Um teste para o vírus Zika desenvolvido a partir de um teste de HIV

Os pesquisadores conseguiram fazer um teste salivar para identificar o vírus zika. Foi desenhado a partir do modelo de teste de HIV.

Mais de 3.000 crianças foram infectadas com microcefalia no Brasil entre 2015 e 2016 devido à contaminação materna pelo vírus Zika. Se a epidemia que atingiu a América do Sul em 2015 marcou os espíritos, o vírus já havia sido identificado em 1952 em Uganda em humanos. Para os pesquisadores, é necessário encontrar uma maneira eficaz de tratar os pacientes e, principalmente, identificar o vírus. Os cientistas americanos estão trabalhando no desenvolvimento de um teste salivar, adaptado ao modelo do teste de HIV. Este estudo é realizado por pesquisadores da Universidade de Odontologia de Nova York e Rheonix, um laboratório de pesquisa. Foi publicado no site Eurekalert!

Resultados em 20 minutos

"Os últimos surtos de zika confirmam que precisamos de um programa eficaz de vigilância e diagnóstico para reduzir o impacto de futuros surtos", disse Maite Sabalza, um dos autores deste estudo. Os cientistas estão trabalhando em uma maneira rápida de detectar o vírus. De fato, ele pode desaparecer sangue uma semana após a contaminação, mas até agora os testes são baseados em exames de sangue.

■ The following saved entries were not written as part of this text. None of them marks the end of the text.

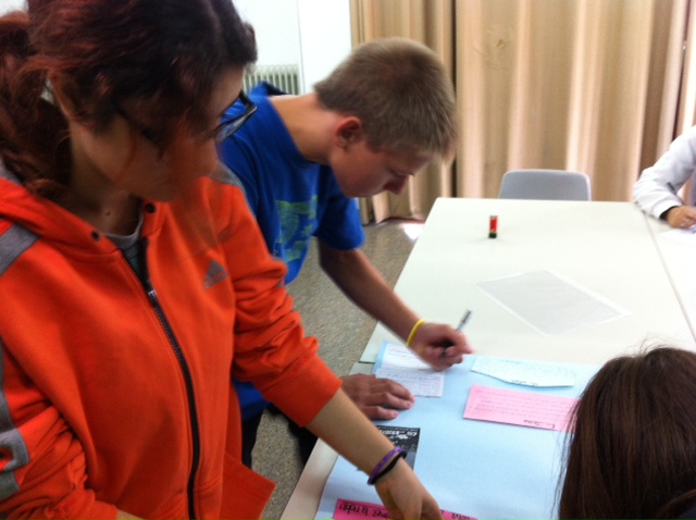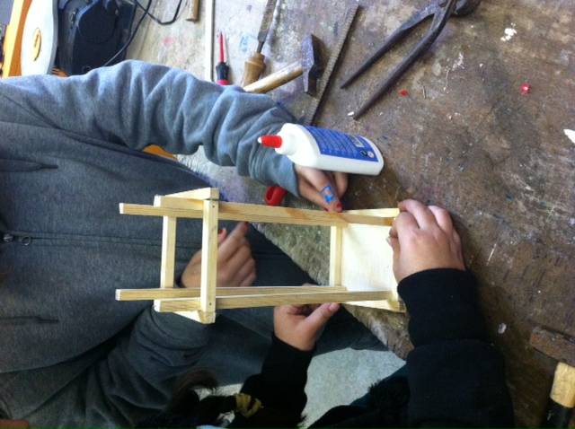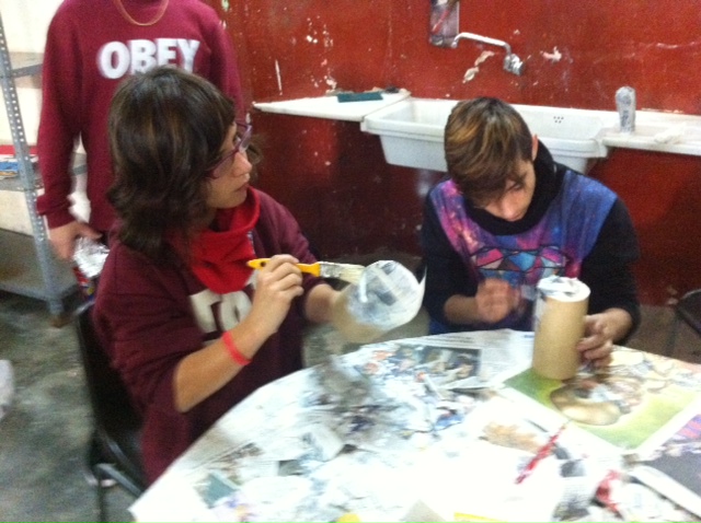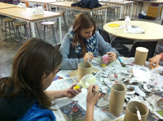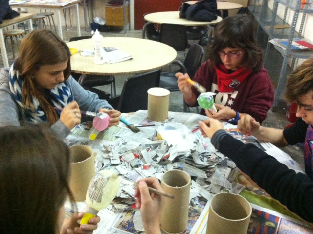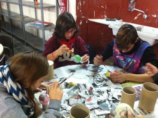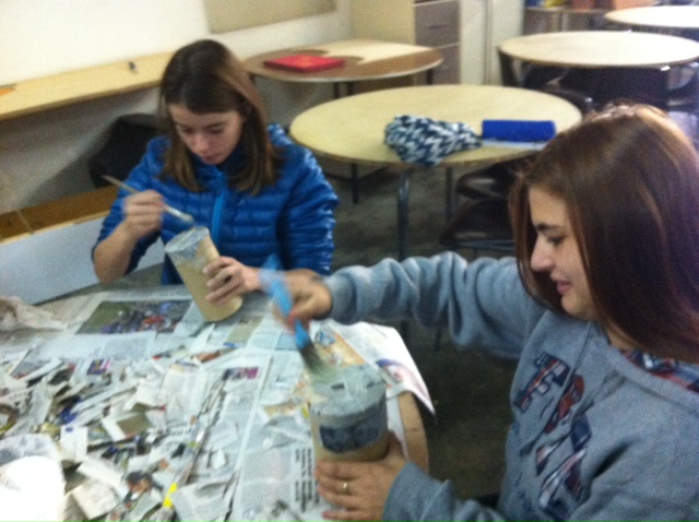 Treballant al taller. Els nostres minigegants ja comencen a agafar forma.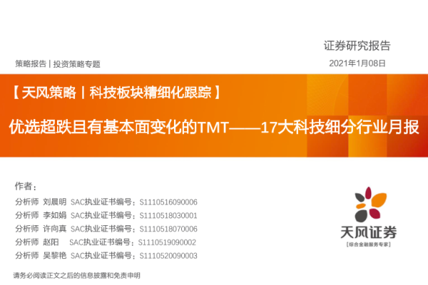 【天风证券】【20210108】17大科技细分行业月报:优选超跌且有基本面变化的TMT-23页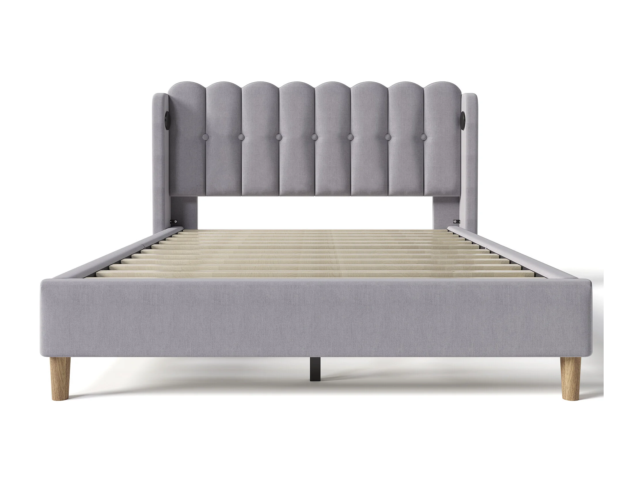 Cama para adulto de 140 x 200 cm - con cabecero, puerto USB y puerto Tipo C y somier - lino - gris - colchón incluido

Este novo teste usa saliva para detectar contaminação por vírus. Permite analisar os anticorpos e o ácido nucleico. Barato, fácil de fazer e coletar, essa técnica também tem a vantagem de ser muito rápida, os resultados estão disponíveis em apenas 20 minutos. "Quanto mais cedo detectarmos o patógeno, mais cedo poderemos implementar medidas para tratar e isolar as pessoas. Em uma epidemia, poderíamos testar as pessoas antes que elas entrassem no avião." passar a segurança no aeroporto não significa tirar os sapatos, mas cuspir em um tubo ", diz Daniel Malamud, professor de ciências da Universidade de Odontologia de Nova York.

Um teste adaptável no futuro

Para adaptar o teste de HIV, os pesquisadores alteraram os marcadores para identificar as seqüências de ácidos nucleicos do zika, em vez das da AIDS. Além disso, eles identificaram antígenos do zika, que detectam anticorpos específicos para vírus presentes na saliva. "Nós desenvolvemos um protocolo genérico que pode ser usado para testar o vírus Zika, mas que também pode ser adaptado às próximas doenças infecciosas ou ao retorno de algumas", conclui Maite Sabalza. Se a epidemia de zika se acalmar em 2017, especialmente no Brasil, o vírus poderá reaparecer, mesmo de outras formas.